Ademais, constam nos autos elementos que permitem a identificação da contratação regular ou não do empréstimo consignado que ensejou os descontos no benefício previdenciário da autora, notadamente porque a promovente é pessoa analfabeta e o negócio jurídico foi firmado em desatenção aos ditames legais do art. 595 do CC, sendo inconteste, portanto, a sua celebração de forma fraudulenta. 18.
Assim, rejeito a preliminar suscitada pela recorrente em que aduz a incompetência do juízo para julgar a demanda por conta da necessidade de produção de prova pericial para o deslinde da causa. 19.
No que se refere às prejudiciais de mérito de decadência e prescrição, igualmente não merecem guarida.
No caso em apreço, constata-se que se trata de ação indenizatória, consistente na averiguação de falha na prestação do serviço decorrente de contrato de empréstimo consignado.

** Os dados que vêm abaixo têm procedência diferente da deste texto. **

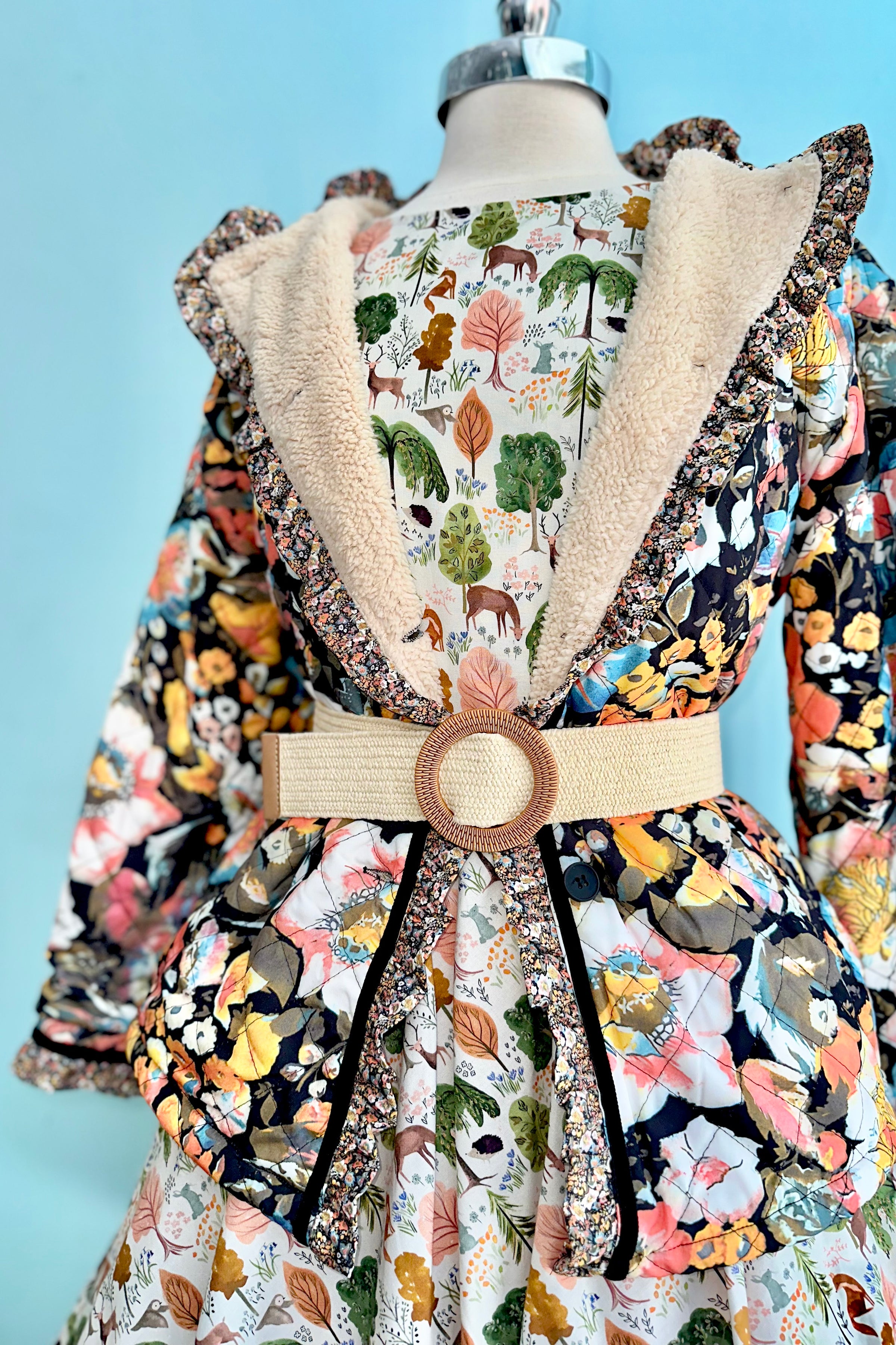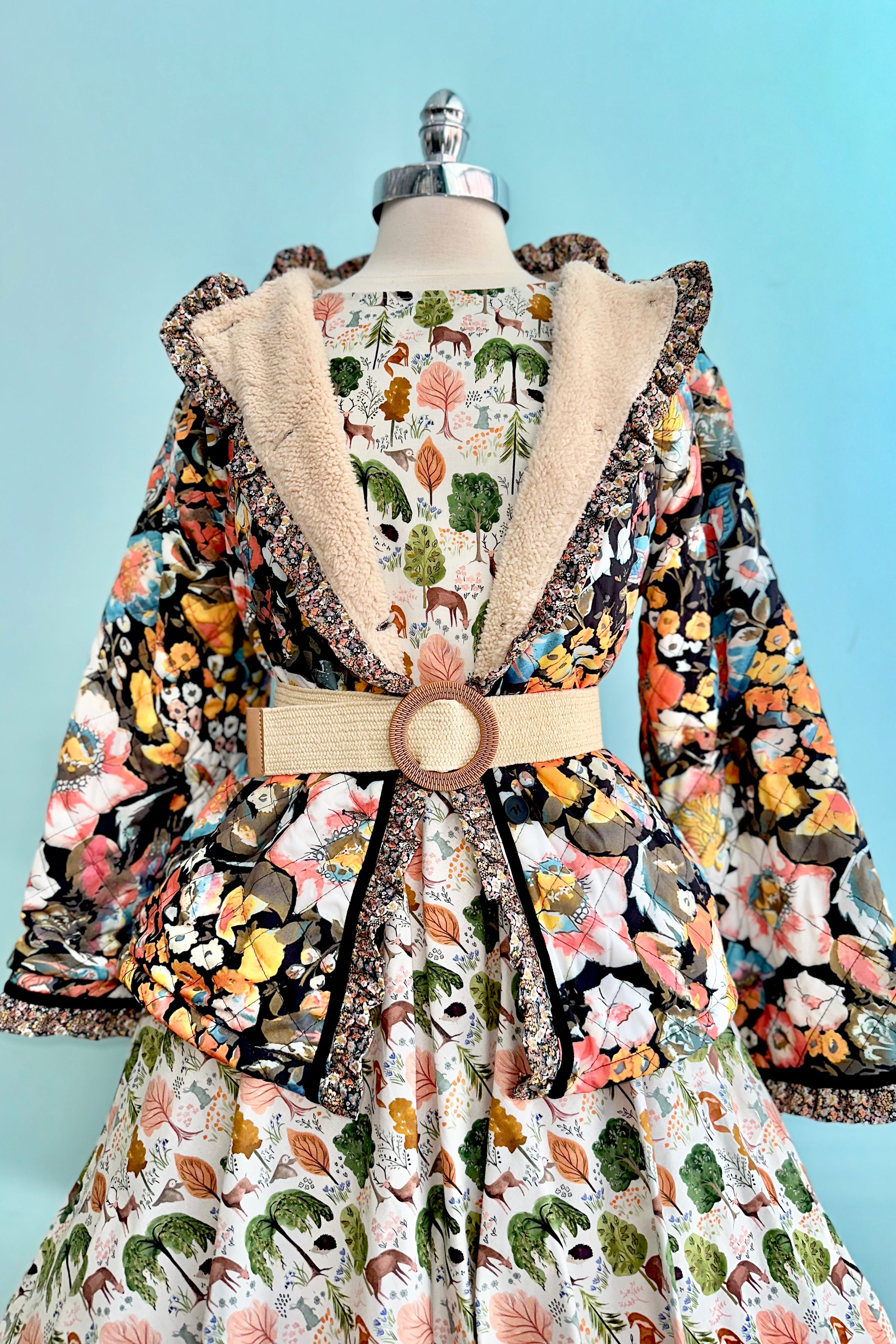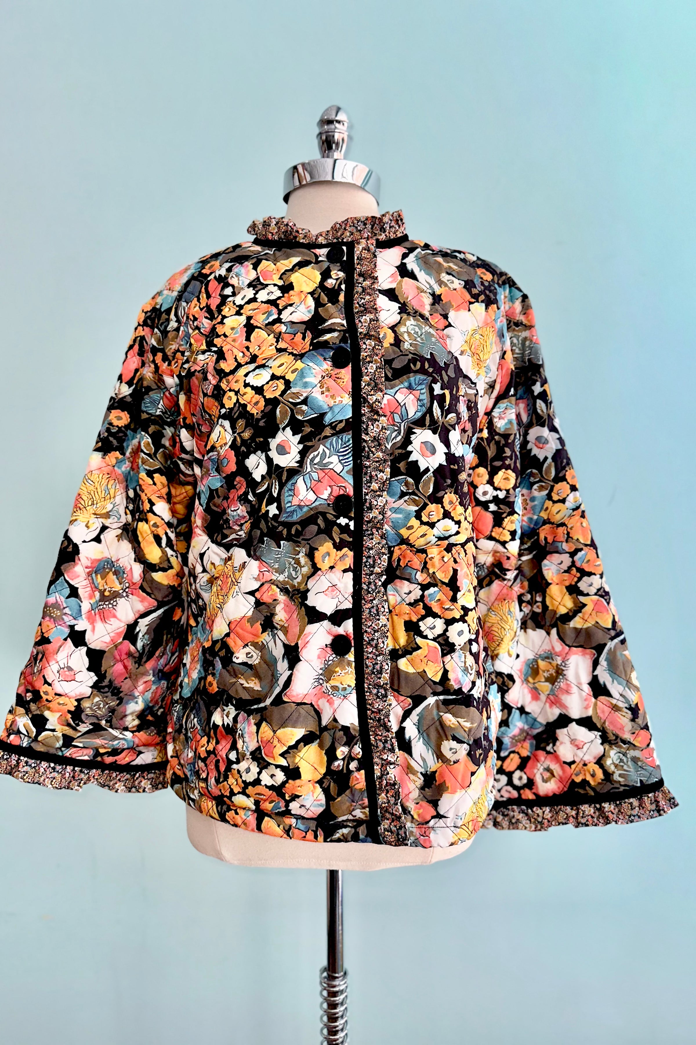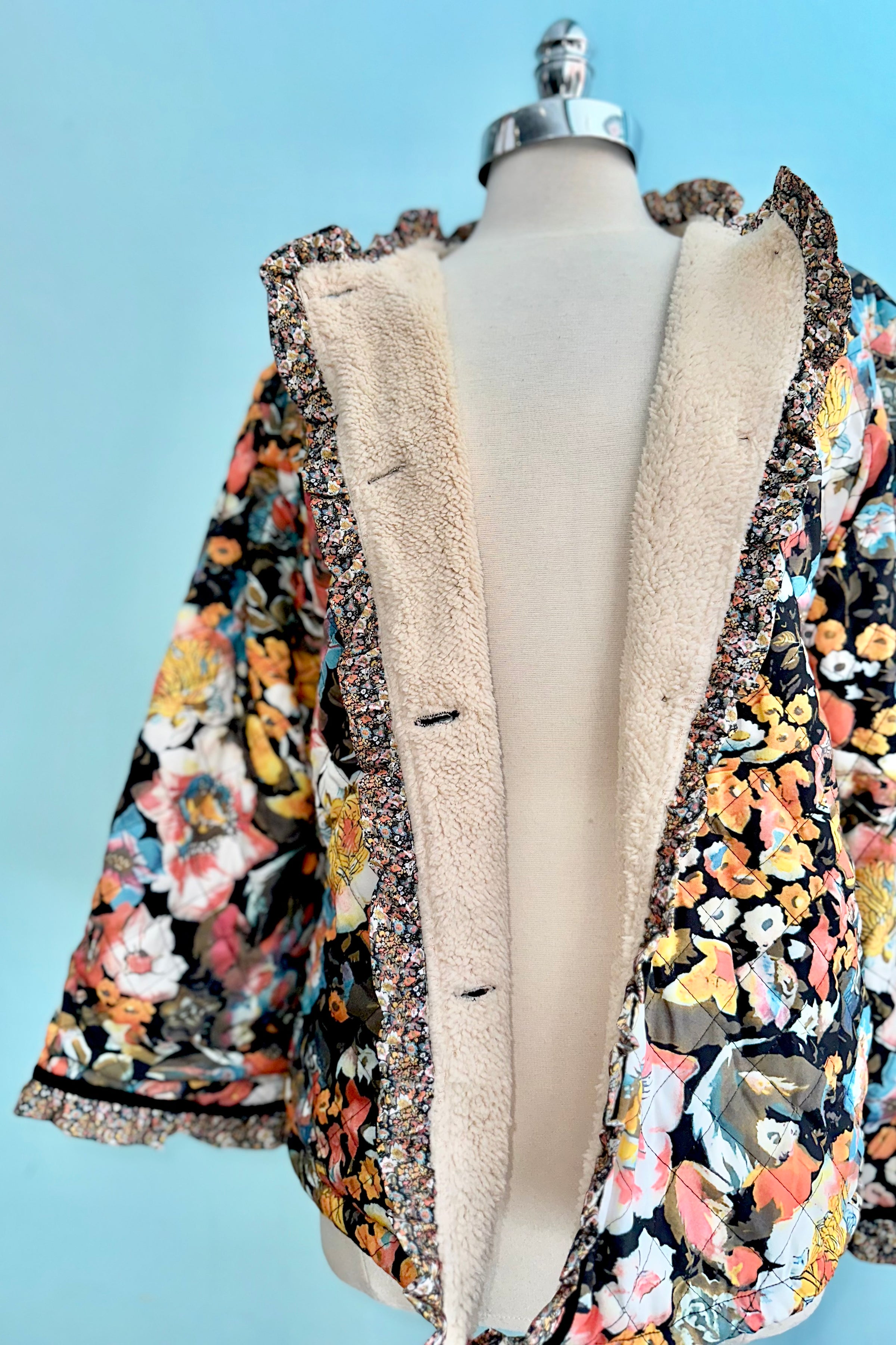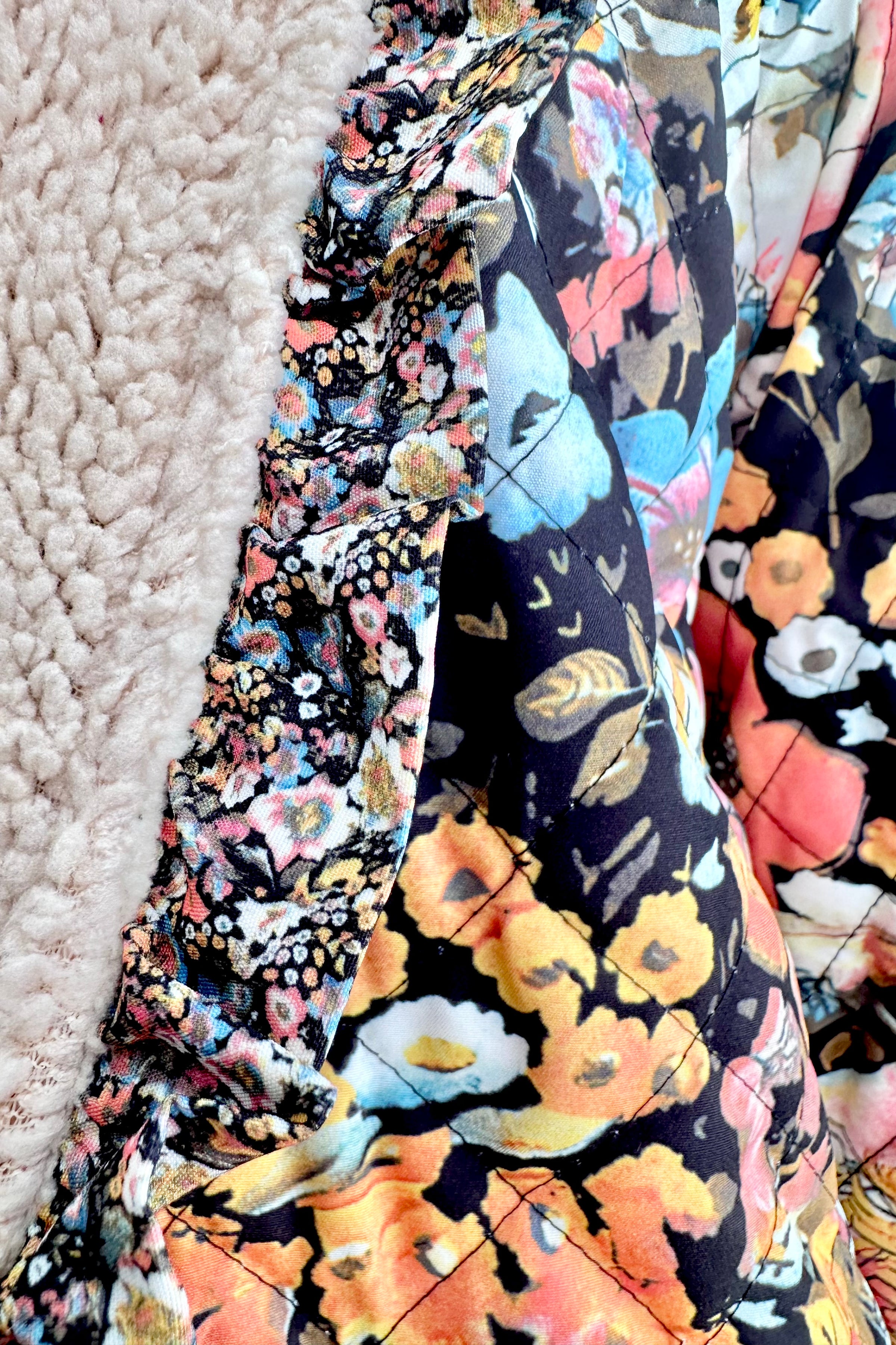 Quilted floral jacket with a boxy fit and bell sleeves and cozy faux shearling lining.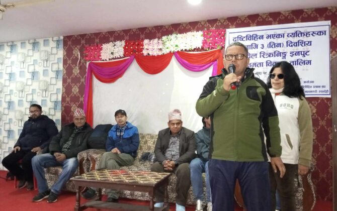 दृष्टिविहिन भएका व्याक्तिहरुको लागि ३ दिने ब्रेल स्क्रिनिङ्ग ईनपुट तालिम

Nessa senda, não há que se falar em decadência do direito autoral em liça, pois a consumidora tem o direito de reclamar a pretensão indenizatória por fato do serviço, no prazo de 05 (cinco) anos (artigo 27 do CDC), aplicando-se, in casu, o instituto da prescrição.
Nestes termos, incide na hipótese o artigo 27 do CDC, in verbis: "Art. 27.
Prescreve em cinco anos a pretensão à reparação pelos danos causados por fato do produto ou do serviço prevista na Seção II deste Capítulo, iniciando-se a contagem do prazo a partir do conhecimento do dano e de sua autoria". 20.
Ressalte-se, por oportuno, que demanda de tal natureza é bastante comum em sede de Juizados Especiais e enfrentada de forma reiterada nas Turmas Recursais, quando este Colegiado vem entendendo que o prazo aplicável é o de 05 (cinco) anos previsto no CDC, tendo essa Turma firmado o entendimento que em caso de empréstimo consignado, o prazo conta-se, individualmente, de cada parcela. 21.
Anoto que permitir ao consumidor deixar ocorrer vários descontos tido como indevidos, para ir reclamar apenas depois de vencida a última parcela, contando ainda com o prazo de 05 (cinco) anos para ingressar com a ação judicial, seria alargar sobremaneira a possibilidade de discussão de uma causa que apresenta reflexos mensais na situação financeira do contratante. 22.
A jurisprudência, sobretudo a do Superior Tribunal de Justiça, vem seguindo essa linha de pensamento, conforme os Julgado abaixo transcritos com negritos inovados: "AGRAVO INTERNO NO AGRAVO EM RECURSO ESPECIAL.
REPETIÇÃO DE INDÉBITO.
BENEFÍCIO PREVIDENCIÁRIO.
DESCONTO INDEVIDO.
EMPRÉSTIMO.
PRESCRIÇÃO.
TERMO INICIAL.
DATA DA LESÃO. 1.
Recurso especial interposto contra acórdão publicado na vigência do Código de Processo Civil de 2015 (Enunciados Administrativos nºs 2 e 3/STJ). 2.
O termo inicial do prazo prescricional da pretensão de repetir o indébito é a data em que ocorreu a lesão, que se deu, no caso, com cada desconto indevido.
Precedentes. 3.
Agravo interno não provido." (AgInt no AREsp 1423670/MS, Rel.
Ministro RICARDO VILLAS BÔAS CUEVA, TERCEIRA TURMA, julgado em 01/07/2019, DJe 02/08/2019) "AGRAVO INTERNO NO AGRAVO EM RECURSO ESPECIAL.
AÇÃO DE REPETIÇÃO DE INDÉBITO.
PRESCRIÇÃO.
TERMO INICIAL.
DATA DO PAGAMENTO.
ART. 27 DO CDC.
AGRAVO INTERNO NÃO PROVIDO. 1.
Hipótese em que o Sodalício local lançou o fundamento de que o termo inicial do prazo de prescrição para discussões atinentes a cobranças indevidas se dá no momento do desconto de cada parcela ocorrida no benefício previdenciário, sendo que, no caso, as parcelas anteriores a março de 2012 estariam prescritas. 2.
Nota-se, pois, que o acórdão exarado pelo Tribunal a quo não diverge do entendimento firmado nesta Corte Superior no sentido de que o termo inicial do prazo prescricional da pretensão de repetição do indébito é o momento em que se verifica cada desconto indevido, sendo este o efetivo instante em que a lesão ocorre. 3.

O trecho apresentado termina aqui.